Most Rush SLP applicants submit three letters of recommendation. At least one should come from a faculty member with direct knowledge of the applicant's academic abilities, and at least one should come from a supervising SLP who observed the applicant during undergraduate hours. Character references alone are generally insufficient for competitive applications.
The curriculum at Rush University's Communication Disorders and Sciences program is structured to move students from foundational knowledge to advanced clinical application across four consecutive semesters, with most students completing the degree in 24 months of full-time study. Year one concentrates on building the science base: courses in speech acoustics, neuroanatomy and physiology of speech and swallowing, child language development, articulation and phonological disorders, and research methods form the academic backbone of the first year. Concurrently, students begin supervised clinical practicum in the university's on-campus clinic under the direct supervision of licensed, ASHA-certified clinical supervisors.
Second-year coursework shifts toward advanced clinical practice and specialty areas. Students take seminars in acquired neurogenic communication disorders โ covering aphasia, dysarthria, apraxia of speech, and traumatic brain injury communication deficits โ as well as courses in voice disorders, fluency disorders, augmentative and alternative communication (AAC), and dysphagia evaluation and treatment.
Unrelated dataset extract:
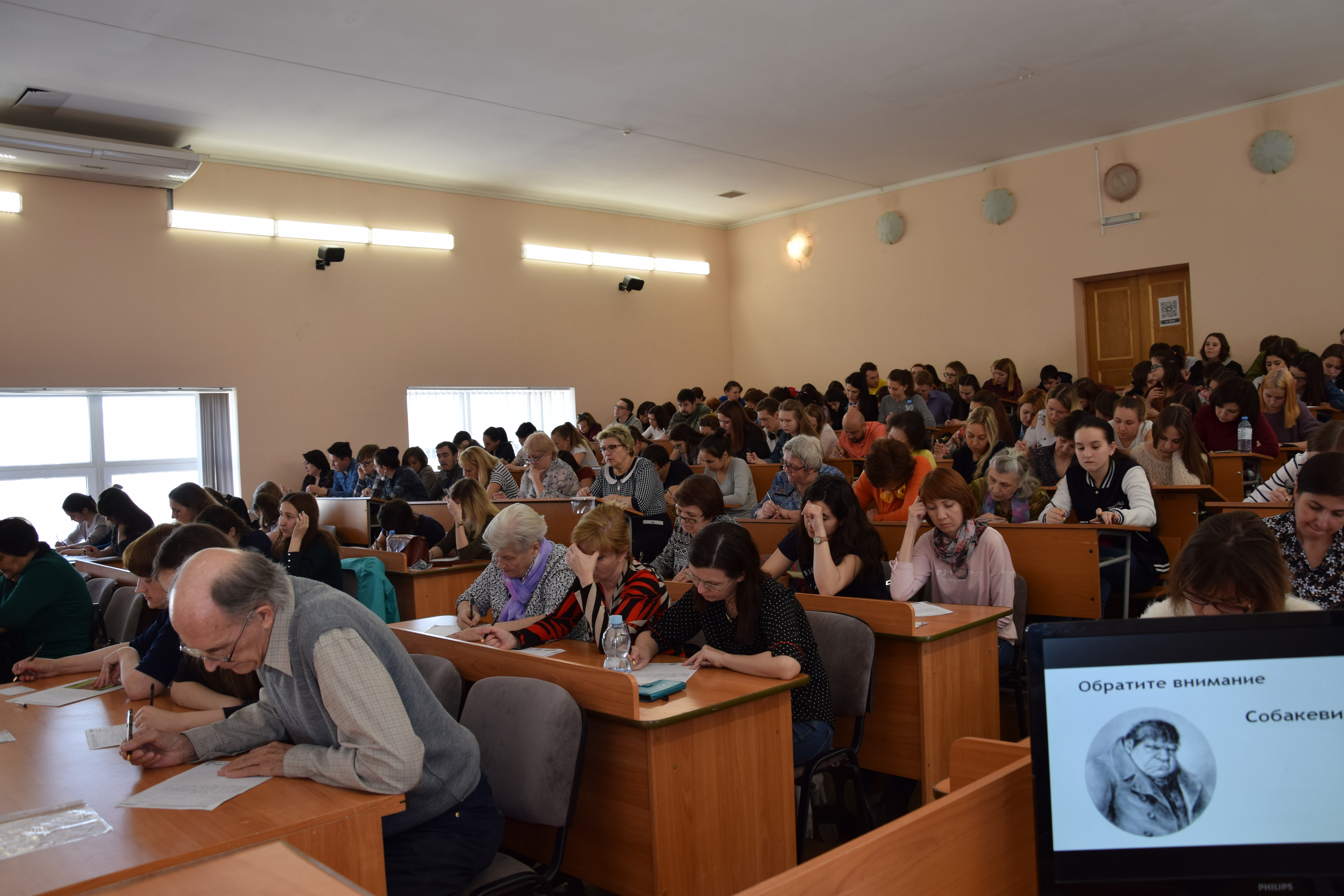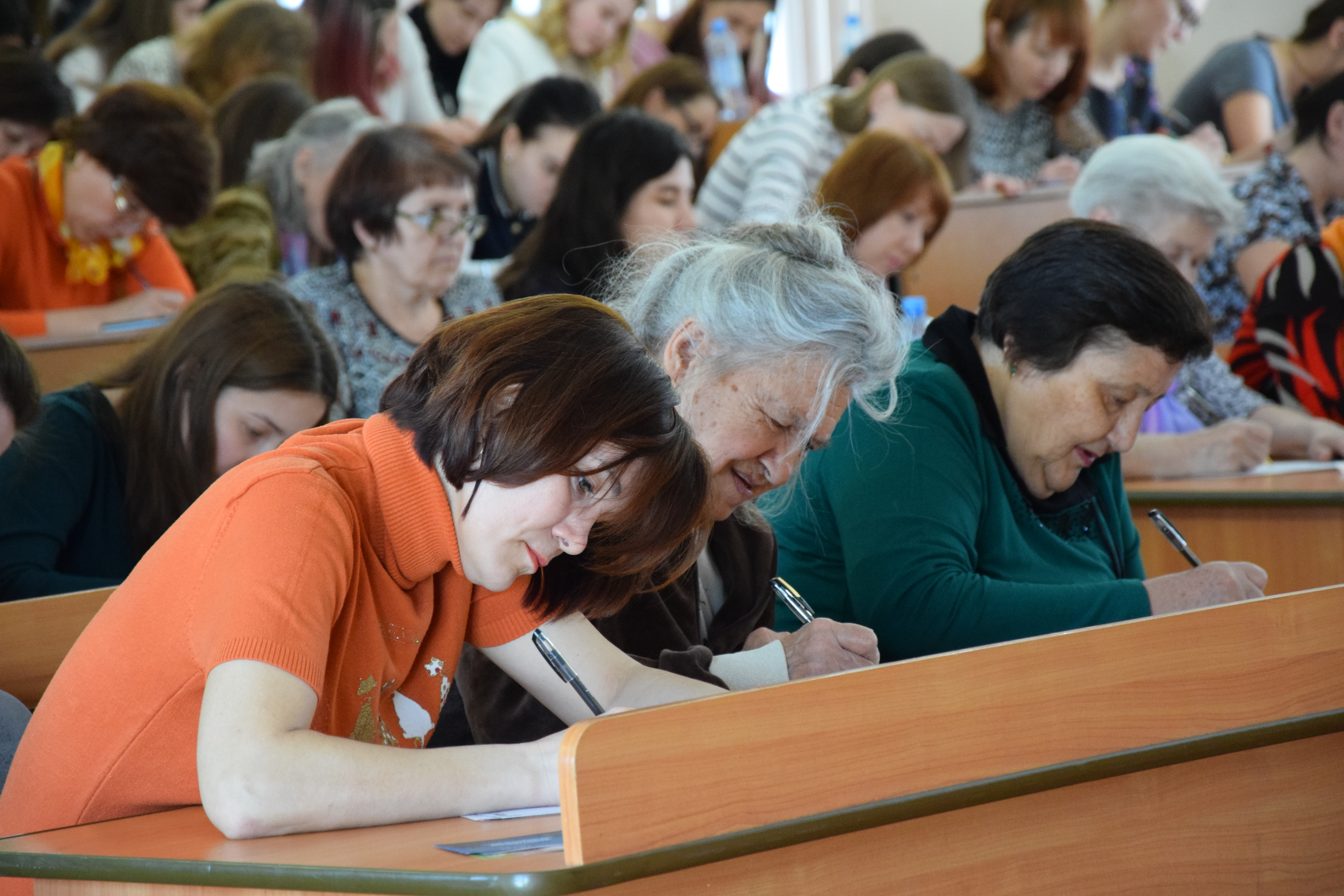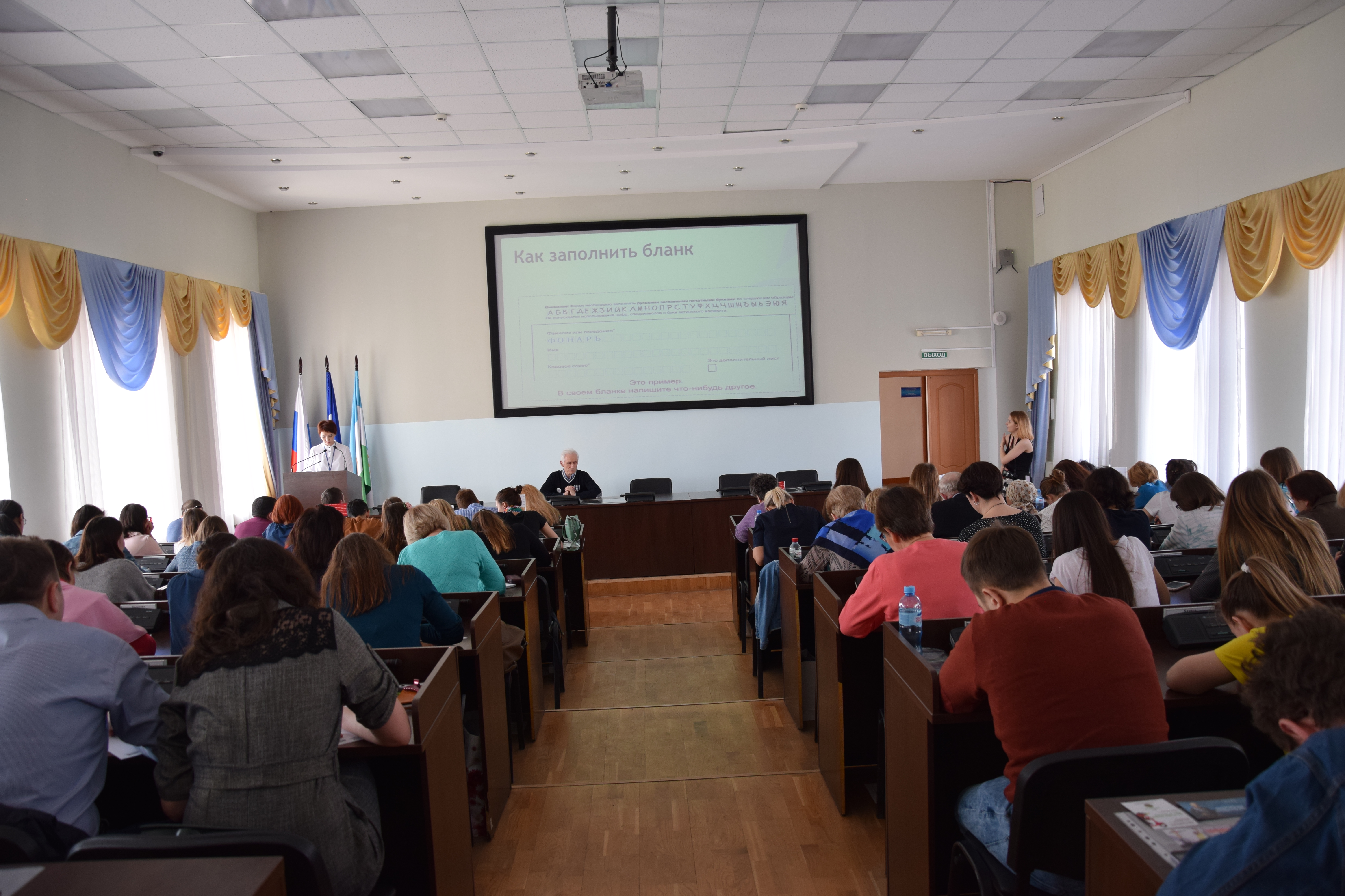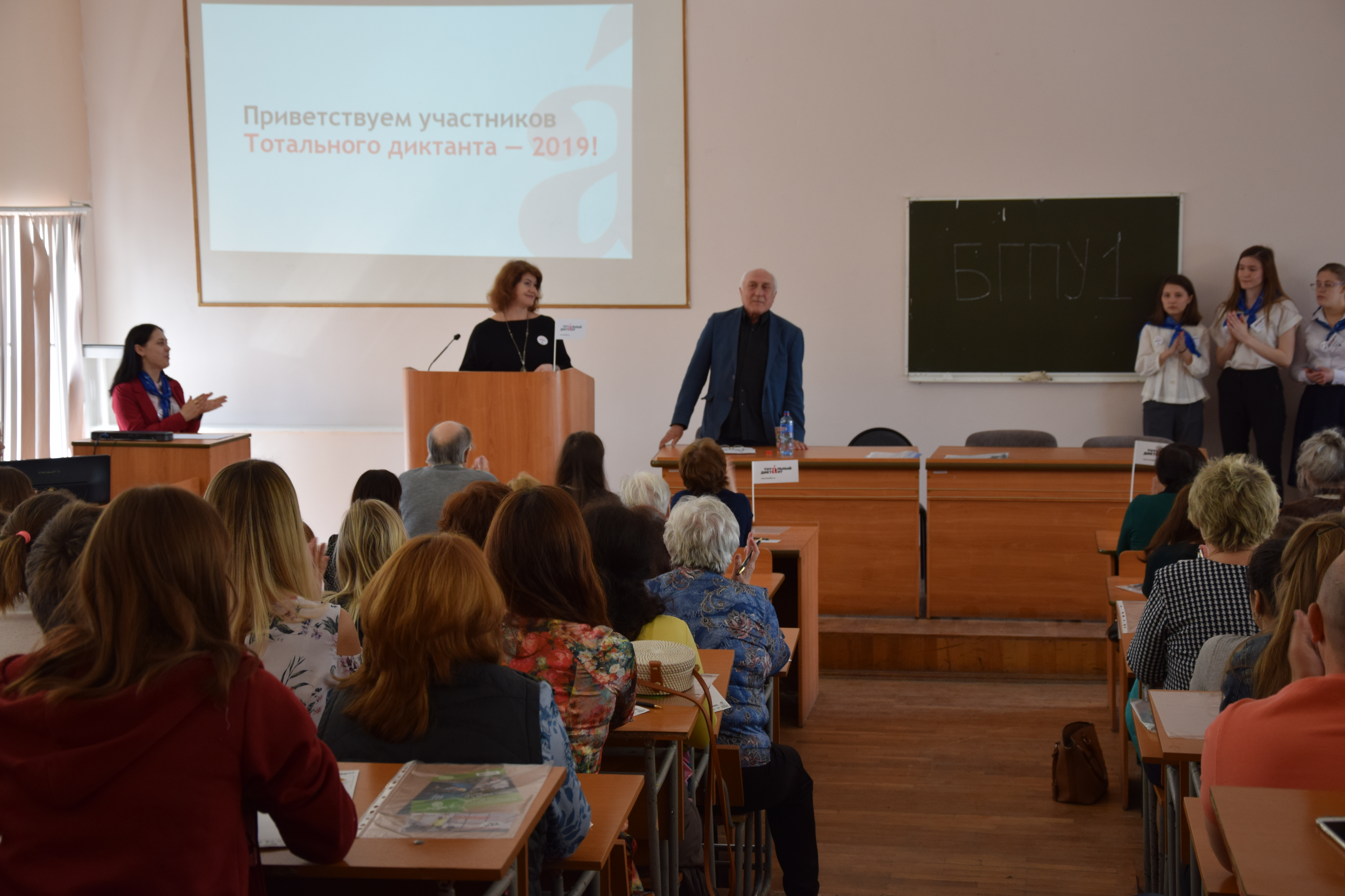 Зато в БГПУ им. М. Акмуллы впервые за время проведения диктанта потребовалась третья, дополнительная аудитория, так как количество участников побило предыдущий рекорд и составило 300 человек. Диктаторами в этом году на площадках были заведующий кафедрой русского языка университета И.В. Артюшков, доцент Института развития образования РБ Ю.В. Ошеева, а в роли «звездного» диктатора выступил актер Русского драматического театра В.Д. Гриньков. Традиционно среди участников были люди разных возрастов и профессий, люди приходили семьями, классами вместе со своими учителями.
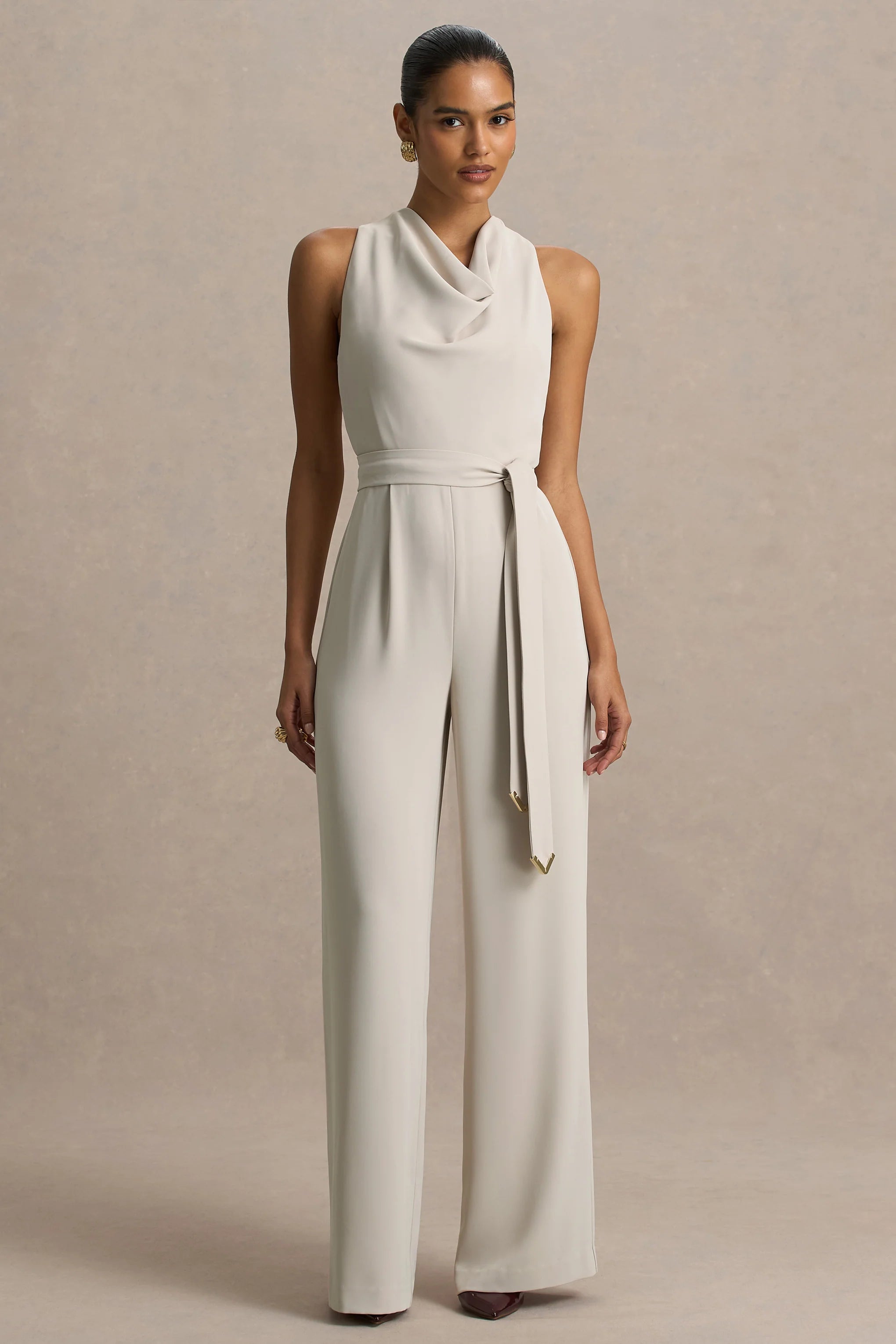 Meet Corina, the effortlessly chic jumpsuit made to elevate your wardrobe. Cut from our premium woven fabric in a soft nude hue, this elegant one-piece brings understated glamour to every occasion. The draped cowl neckline adds a touch of romance, while the self-tie belt cinches the waist for a flattering silhouette. Featuring a delicate keyhole back detail and flowing wide-leg trousers, Corina is the perfect blend of modern sophistication and timeless style.

The Rush medical center affiliation means that dysphagia coursework is paired with clinical rotations involving modified barium swallow studies, fiberoptic endoscopic evaluation of swallowing (FEES), and direct collaboration with gastroenterology and pulmonology teams, which is a training advantage most university-only programs cannot offer.
Clinical clock hours are tracked meticulously throughout the program in compliance with ASHA's current standards, which require a minimum of 400 supervised clinical hours for clinical certification. Rush students typically accumulate hours across a range of placement sites that may include inpatient acute care units within Rush University Medical Center, outpatient rehabilitation clinics, early intervention programs, school-based settings, and long-term care facilities. This multi-setting exposure is intentional: it prepares graduates to be flexible, well-rounded clinicians who can transition fluidly between the medical and educational service delivery models that define SLP practice in the United States.
Research literacy is woven throughout the Rush curriculum rather than treated as a standalone elective. Students complete evidence-based practice projects in their first year and may undertake faculty-mentored research in their second year, with some students producing work of sufficient quality for conference presentations or journal submission. Rush University's proximity to a major research hospital creates natural opportunities for students interested in clinical research in areas such as motor speech, head and neck cancer communication and swallowing rehabilitation, and cognitive-communication disorders following stroke or brain tumor resection.
Interprofessional simulation labs are a signature feature of the Rush training experience. Students participate in high-fidelity simulation exercises involving standardized patients that are designed to replicate real clinical scenarios: a patient admitted with acute stroke, a child presenting for an autism spectrum disorder communication evaluation, or a post-surgical head and neck cancer patient beginning swallowing rehabilitation. These simulation experiences are observed by faculty supervisors and followed by structured debriefs that help students identify clinical reasoning gaps and refine their therapeutic communication skills under low-risk conditions before encountering analogous situations in live clinical settings.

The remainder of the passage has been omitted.